Guidelines for Speech-Language Therapy in Parkinson’s Disease

By: Hanneke Kalf, Bert de Swart, Marianne Bonnier-Baars, Jolanda Kanters,
Marga Hofman, Judith Kocken, Marije Miltenburg, Bas Bloem, Marten Munneke 

With respect to Parkinson’s disease, speech-language pathology focuses on three domains:

  • difficulty with speech: hypokinetic dysarthria and the influence of cognitive impairments on language comprehension, language use and communication skills
  • difficulty with chewing and swallowing: dysphagia, choking and slow chewing and swallowing
  • difficulty with controlling saliva: drooling or dribbling of saliva

For the rehabilitation of persons with Parkinson’s disease (PwP), Morris & Iansek have described a theoretical model which has been met with positive experiences in large Parkinson’s centers abroad. This model consists of the following five basic assumptions:

  1. “Normal movement is possible in Parkinson’s disease; what is required is appropriate activation. The skilled therapist is able to determine the most effective methods to activate normal movement.
  2. Complex movements need to be broken down into smaller components. This is to avoid motor instability and to take advantage of increased amplitude at the beginning of movement sequences.
  3. Each component of a task needs to be performed at a conscious level. Conscious attention appears to bypass the basal ganglia and restore movement towards normal.
  4. External cues may be used to initiate and maintain movement and cognitive processes. Visual, auditory or proprioceptive cues may be used. Cues indicate the appropriate movement size and appear to activate attentional motor control mechanisms.
  5. Simultaneous motor or cognitive tasks are to be avoided. This is because the more automatic task is not executed properly and only the task demanding attention is satisfactorily completed.”

These assumptions are also relevant in speech-language treatment.

 Evaluation and treatment of limitations in speech:

Subtle changes in a patient’s speech and cognition can have a large impact on the degree to which the patient feels comfortable with speaking (already early in the disease) (3). This underscores the importance of early referral and timely attention from a speech-language pathologist (SLP).

The current speech-language treatment techniques related to hypokinetic dysarthria focus on an intensive stimulation of the intensity of the speech, over a period of at least four weeks. This kind of approach is specific for PD, because it puts demands on the – to a certain extent – normal motor skills by activating and stimulating them with cues. Various studies (4) have shown the value of this approach for patients with Parkinson’s disease.

PwPs vary significantly with respect to the severity of the disease, physical and cognitive capacity, dysarthric features and expectations regarding verbal communication. This means that the treatment to improve intelligibility can range from a one-time consultation with recommendations to intensive treatment of at least three sessions per week over the course of at least four weeks, to periodic consultations with a focus on supervising and instruction of caregivers (conversational partners). The treatment of communication disorders resulting from cognitive deterioration and language impairments is limited to recommendations and specific modifications. A physician, referring a patient with PD may expect that an SLP with experience in PD is capable of evaluating whether, and in what way, treatment is worthwhile and carrying out this treatment.

Evaluation and treatment of limitations to swallowing:

Choking, slowness of chewing and other typical swallowing problems in PD can be worrisome and a burden to the patient and his caregivers (5).
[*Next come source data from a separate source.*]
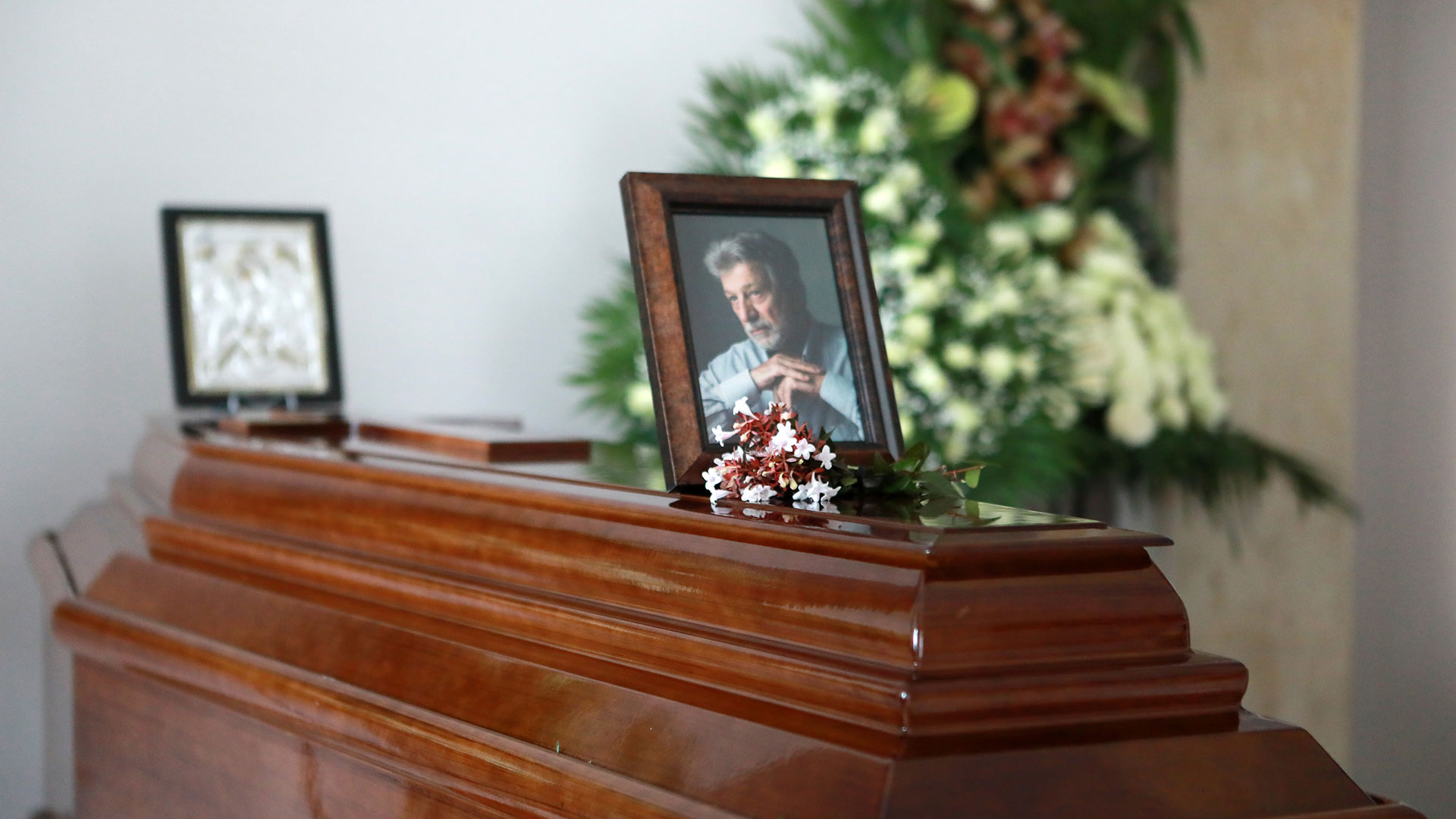 Το «παρών» έδωσε η τελευταία σύζυγός του, Μαρίνα Ψάλτη, καθώς και πολλοί εκπρόσωποι του καλλιτεχνικού κόσμου, μεταξύ των οποίων, ο Σπύρος Μπιμπίλας, η Μαρινέλλα, ο Σταμάτης Φασουλής, ο Γιώργος Νταλάρας και η Καρυοφυλλιά Καραμπέτη.
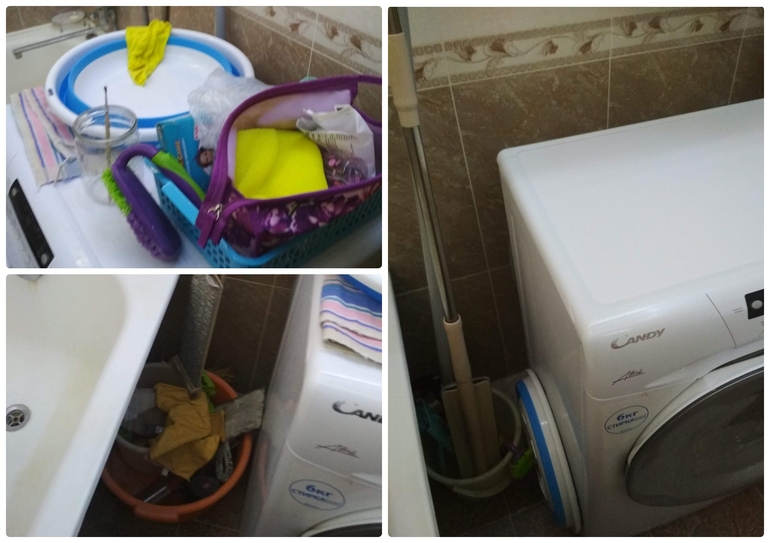 Есть у меня позорный тазик (тот, что рыжий на полу), что только в нем не собирается... Тоже выбросила, как раз бабушка подарила тазик складной (бело-голубой, который на стиралке обосновался). Ну, и осталось красивое ведерко под швабры приобрести, никак не встречу его.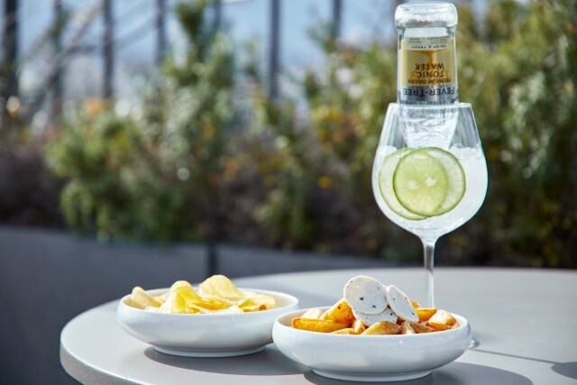 (左から)「黒トリュフポテトチップス」990円、「トリュフ風味のフライドポテト」1,430円、「K36 ジントニック」1,540円
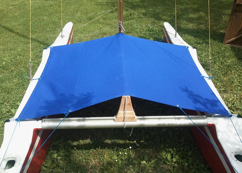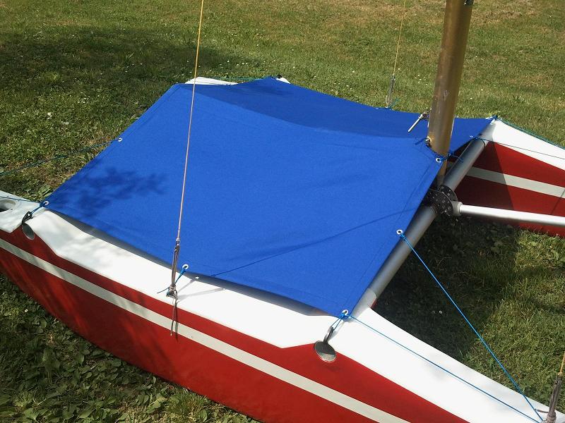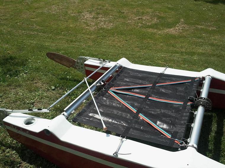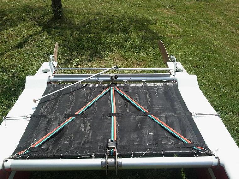 Si, conosco il problema perché l’ho sperimentato anch’io l’anno scorso. In realtà il fenomeno era abbastanza sporadico. Comunque ogni tanto capitava che non trovavo più la scottina del carrello perché scivolava fuori bordo attraverso la fessura posteriore fra trampolino e traversa. Questo trampolino dovrebbe essere meno scivoloso dell’altro. Vedremo che succede. Al limite chiudo la fessura con una retina leggera fissata tra le cime. Quelle laterali non dovrebbero invece creare problemi. Non avendo più la barra laterale di sostegno, ho allargato il trampolino portandolo quasi a filo scafo. La fessura che si vede è solo in altezza e si chiude sotto il peso della bestia....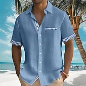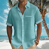 More information about Men's Geometric Grid / Plaid Shirt Summer Shirt Button Up Shirt Short Sleeve Fashion Casual Vacation Holiday Streetwear Summer Turndown 3D Print Front One Pocket Linen Like Shirt Yellow Blue Green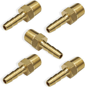 1/8 inch barb to 1/8 inch NPT male brass hose barb fittings. These hose barb fitting can be used to connect PU, rubber, silica gel hose or PVC tube. These are widely applied to water, gas, oil, fuel, air tools, air compressor, automatic manufacturing operation, aircraft control, and tire installation in industries, agriculture, mining, road construction, firefight, and aviation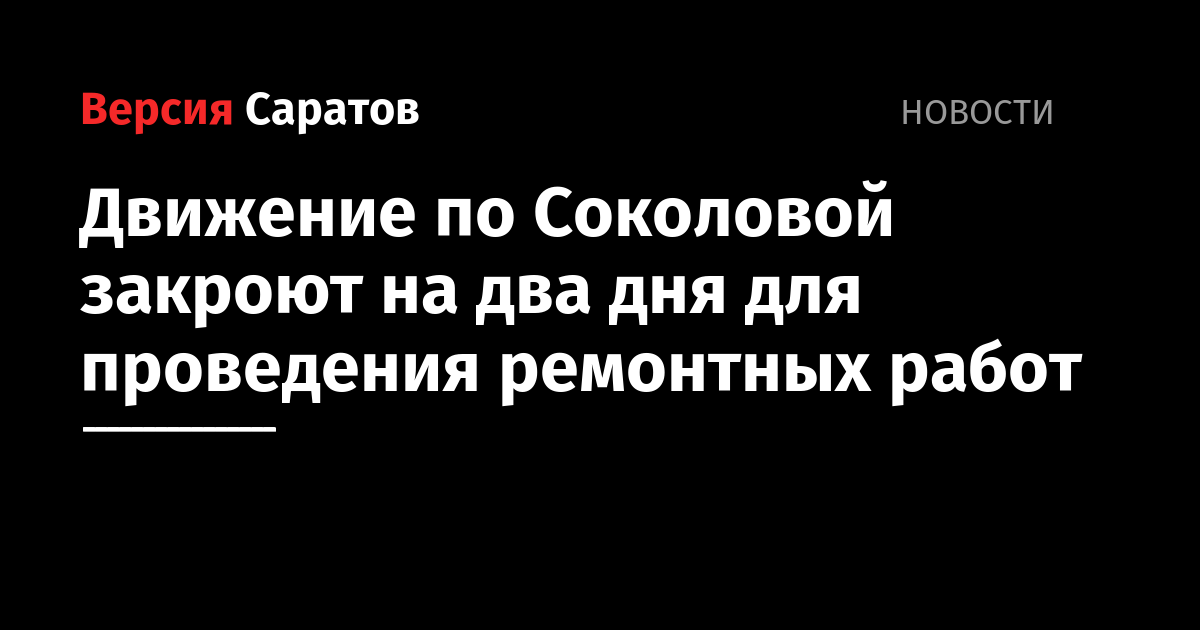 Движение автотранспорта по улице Соколовой сегодня в 20 часов будет временно остановлено. Речь идет об участках между улицами Университетская и Железнодорожная, а также перекрестке Соколовой с улицей Танкистов.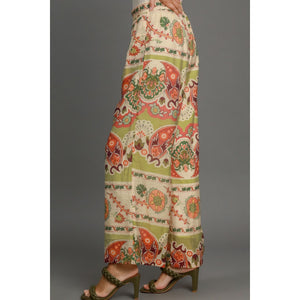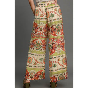 Umgee Full Size Wide Leg Border Print Pants Plus Size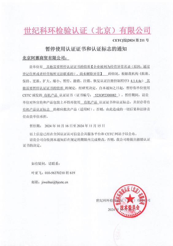 暫停使用認(rèn)證證書和認(rèn)證標(biāo)志的通知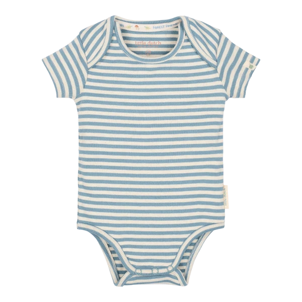 Body z krótkim rękawem w niebieskie paski to wygodny model niemowlęcy na co dzień. Miękka dzianina i praktyczne zapięcie w kroku sprawiają, że body Little Dutch dobrze sprawdza się w domu, na spacerze i podczas codziennego przebierania.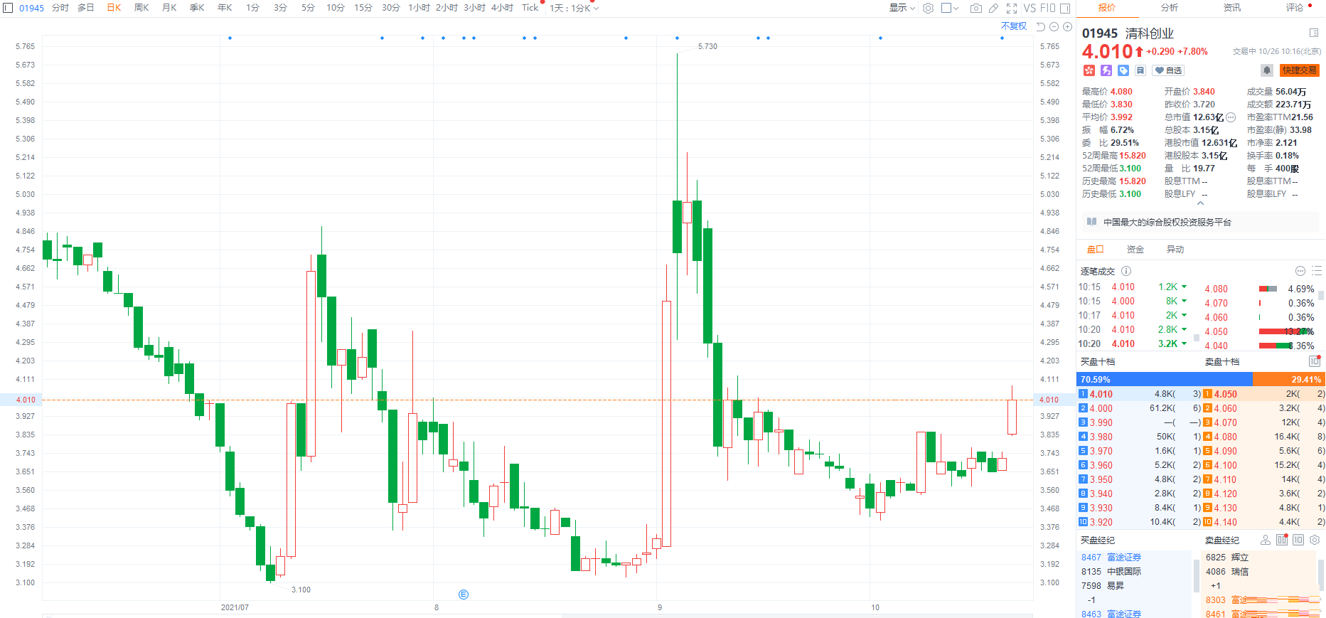 清科创业(1945.HK)大涨近8%,报4.01港元,高见4.08港元创约一个半月以来新高,总市值13亿港元。 清科创业昨日盘后宣布,其拟根据公司股于2021年6月4日举行的股东周年大会上授出的一般授权行使其权力,于适当时候在公开市场回购最多3060万股公司股份(即于2021股东周年大会日期已发行股份总数的10%。目前

After an efficient assessment, SLPs who have experience with the treatment of dysphagia related to PD are capable of providing adequate exercises, modifications, cues and movement strategies. The treatment that follows will generally consist of a one-time session or a short treatment period, if necessary in the domestic setting.

Evaluation and treatment of limitations in saliva control:

Drooling is an unpleasant problem that appears primarily in the later phases of the disease. SLPs experienced in the treatment of drooling can determine the severity of the problem and to what extent it can be treated. Treatment generally consists of either one-time recommendations or a short treatment period, when needed in the domestic setting. If speech-language therapy is ineffective, the SLP will refer the PwP back to the neurologist for medical treatment (e.g. injections with botulinum-neurotoxin).”